Formation damage from paraffins and asphaltenes
Perhaps the most common formation damage problem reported in the mature oil-producing regions of the world is organic deposits forming both in and around the wellbore. These organic deposits fall into two broad categories:
These deposits can occur in tubing, or in the pores of the reservoir rock. Both effectively choke the flow of hydrocarbons. This article discusses the source, deposition, removal, and prevention of these deposits.
Paraffin and asphaltenes in crude oil
Crude oils contain three main groups of compounds:
- Saturated hydrocarbons or paraffins
- Aromatic hydrocarbons
- Resins and asphaltenes
Table 1 shows the gross composition of crude oils, tars, and bitumens obtained from various sources. It is evident that crude oils contain substantial proportions of saturated and aromatic hydrocarbons with relatively small percentages of resins and asphaltenes. More degraded crudes, including tars and bitumens, contain substantially larger proportions of resins and asphaltenes.
Paraffins are high-molecular-weight alkanes (C20+) that can build up as deposits in the wellbore, in feed lines, etc. These organic deposits can act as chokes within the wellbore, resulting in a gradual decrease in production with time as the deposits increase in thickness. This can result in producing problems unless some remedial action is taken on a systematic and periodic basis. Deposits vary in consistency from soft accumulations to hard, brittle deposits. Usually the deposits are firmer and harder as the molecular weight of the paraffin deposits increases. Sometimes paraffins and asphaltenes occur together in organic deposits.
The primary cause of wax or paraffin deposition is simply a loss in solubility in the crude oil.  This loss of solubility is usually a result of changes in temperature, pressure, or composition of the crude oil as a result of loss of dissolved gases. paraffins that have the highest melting point and molecular weight are usually the first to separate from solution, with lower-molecular-weight paraffins separating as the temperature decreases further.

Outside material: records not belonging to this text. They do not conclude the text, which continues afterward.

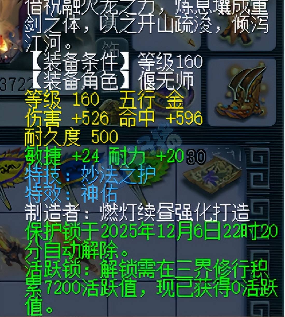 年末鉴定冲刺,果然容易出惊喜。一位老板在鉴定中炸出一把逆天160巨剑。它不仅具备伤害526、敏耐双加44的属性,还带“神佑+妙法”双特效。这个组合既有复活几率又有法防属性加成,直接一跃成为了顶尖服战神器!
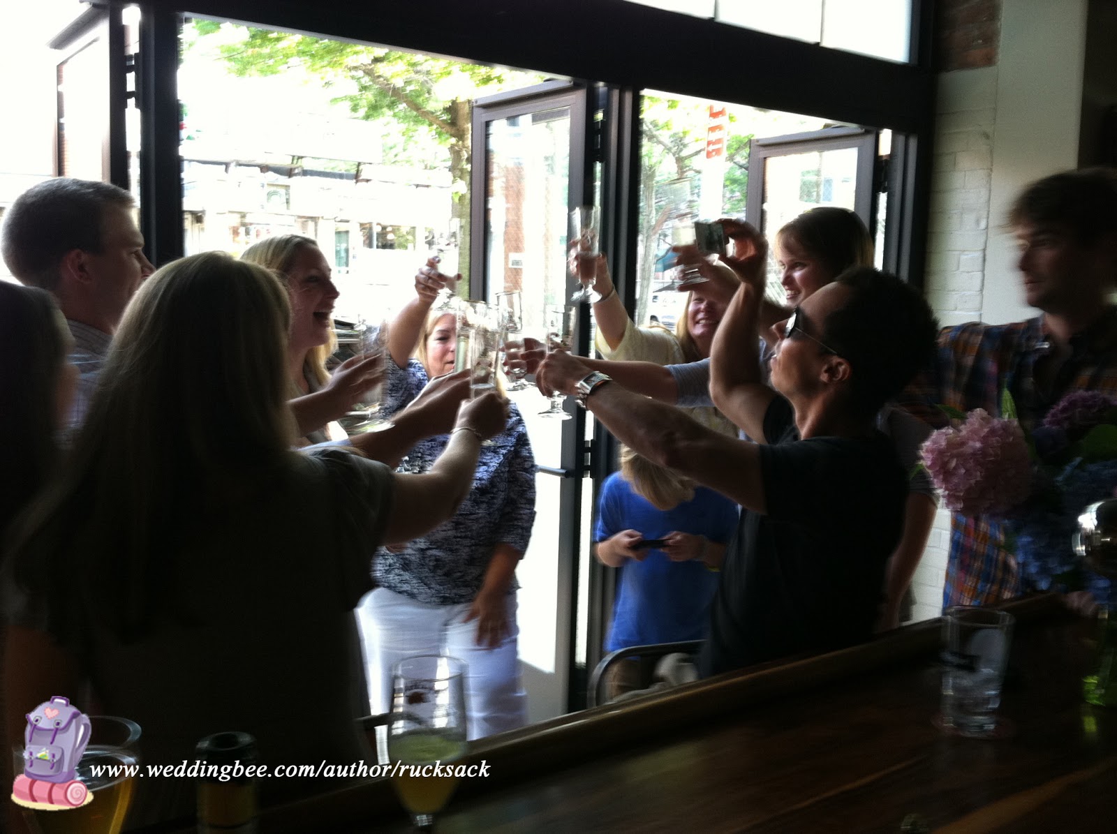 And then I saw two of my good friends at the corner of the bar. Followed by another friend sitting next to them. "We just ran into each other!" my best friend tried to explain. But it was too late. I turned to Mr. Rucksack to ask him just what in the hell was going on and saw him down on one knee.
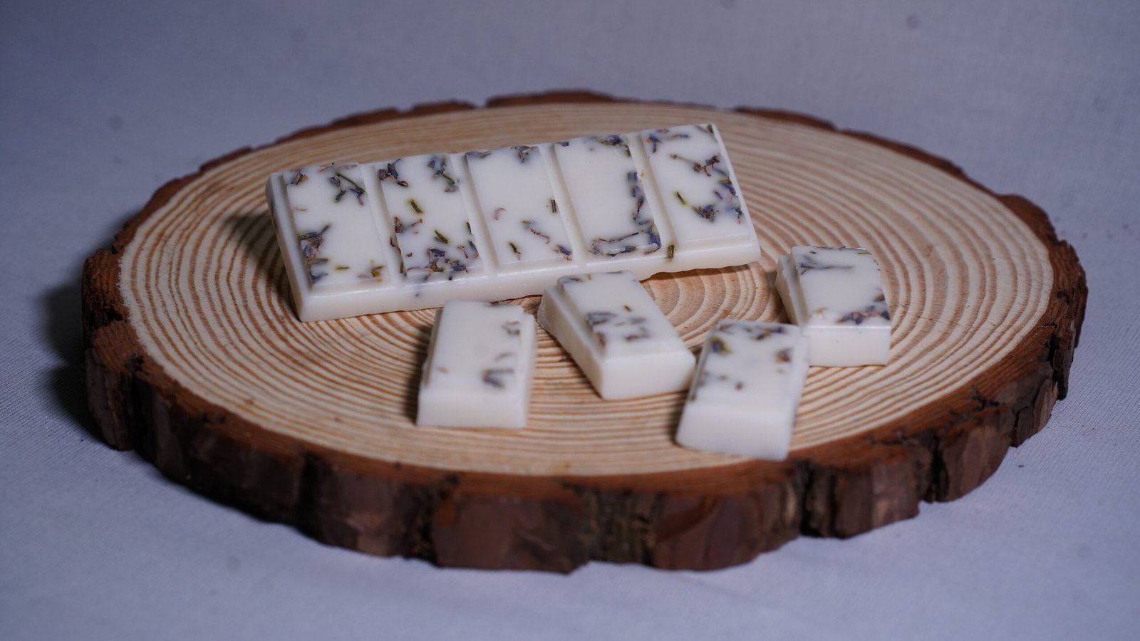 • Artisanal Aesthetics: Each melt is topped with real lavender botanicals. As the wax melts, the flowers float gracefully, creating a beautiful visual experience.
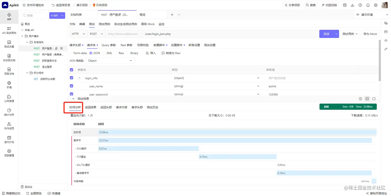 填写好请求参数后,点击测试按钮即可得到测试报告,报告包括以下内容:

For example, a C60 alkane with a melting point of about 215°F will deposit at a much higher temperature than a C20 alkane with a melting point of 98°F.

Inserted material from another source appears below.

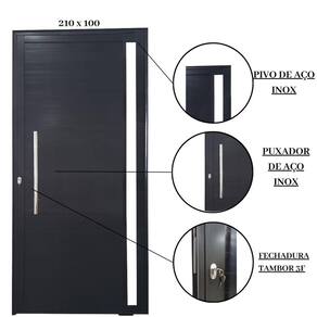 Aplicado em local: interno ou externo Vidro: Liso Ambientes Recomendados: Externo;Interno Acabamento do Puxador: Inox Acompanha Batedor: Não Acompanha Batente: Sim Acompanha Fechadura: Sim Acompanha Guarnição: Não Acompanha Manual de Instalação: Sim Acompanha Puxador: 02 Acompanha Trinco: Não Altura: 210 cm codigo_ean: 7898683667084 Cor: Preto Cor do Batente: Preto Cor do Produto: Preto Cor Predominante: Preto Dimensão da Máquina da Fechadura: 25.0000 Escala de Brilho: Semi-Brilho Isolamento Acústico: Não Itens Inclusos: 1 Porta Lado de abertura: Direita Largura: 100 cm Largura do Batente: 4,5 cm Linha ou Coleção: Linha 25 Manual de Montagem e Instalação: https://product-hub-prd.madeiramadeira.com.br/863658/documents/4f7bdb12-7264-4126-8ca4-1edbb35984aduCOesdeinstalaCAopivotante.pdf Material do Batente: Alumínio Material do Puxador: Aço Material Principal: Alumínio Necessita Montagem: Não Número de Folhas: 01 Origem do Produto: Nacional Peso: 16 kg Possui Grade: Não Tamanho: 210 x 100 cm Textura da Porta: Com detalhe vidro Tipo de Parede: Alvenaria Tipo de Puxador: Externo Vidro incluso: Não Marca: Esquadrias Bergamo Ean: 7898683667084
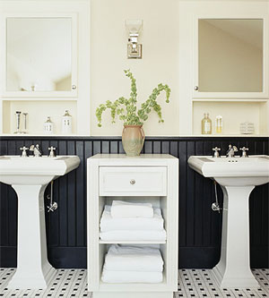 水盆上方的一對(duì)墻面柜可以用來(lái)存放牙膏、漱口水、阿司匹林等用品。經(jīng)常會(huì)使用的用品,如 肥皂、洗發(fā)沐浴用品、香水、化妝品等就存放在墻柜下方的置物格里。兩個(gè)水盆之間的櫥柜就用來(lái)存放毛巾和浴衣等。

The ability of the crude oil to hold the paraffin in solution is generally quantified with two indicators:
- Pour point
- Cloud point
The procedure for measuring the pour point and cloud point may be found in ASTM manuals (D2500-66 for cloud points and D97-66 for pour points). The cloud point is defined as the temperature at which paraffins begin to come out of solution and a clear solution of hydrocarbons turns cloudy. Obviously, it is difficult to measure the cloud point for dark crude oil, because cloudiness is not visible. In such cases, the presence of paraffin crystals may have to be detected with a polarizing light microscope. The pour point is defined as the temperature at which the crude oil no longer flows from its container. As the temperature is lowered, wax crystals form an interlocking network that supports the hydrocarbon liquid within it. This network of paraffin crystals is quite shear sensitive and loose when first formed but can harden and become extremely rigid as fluid is lost from it. Pour points are relatively easy to measure in the field and provide a good indication of conditions under which large quantities of paraffin will fall out of solution in crude oils.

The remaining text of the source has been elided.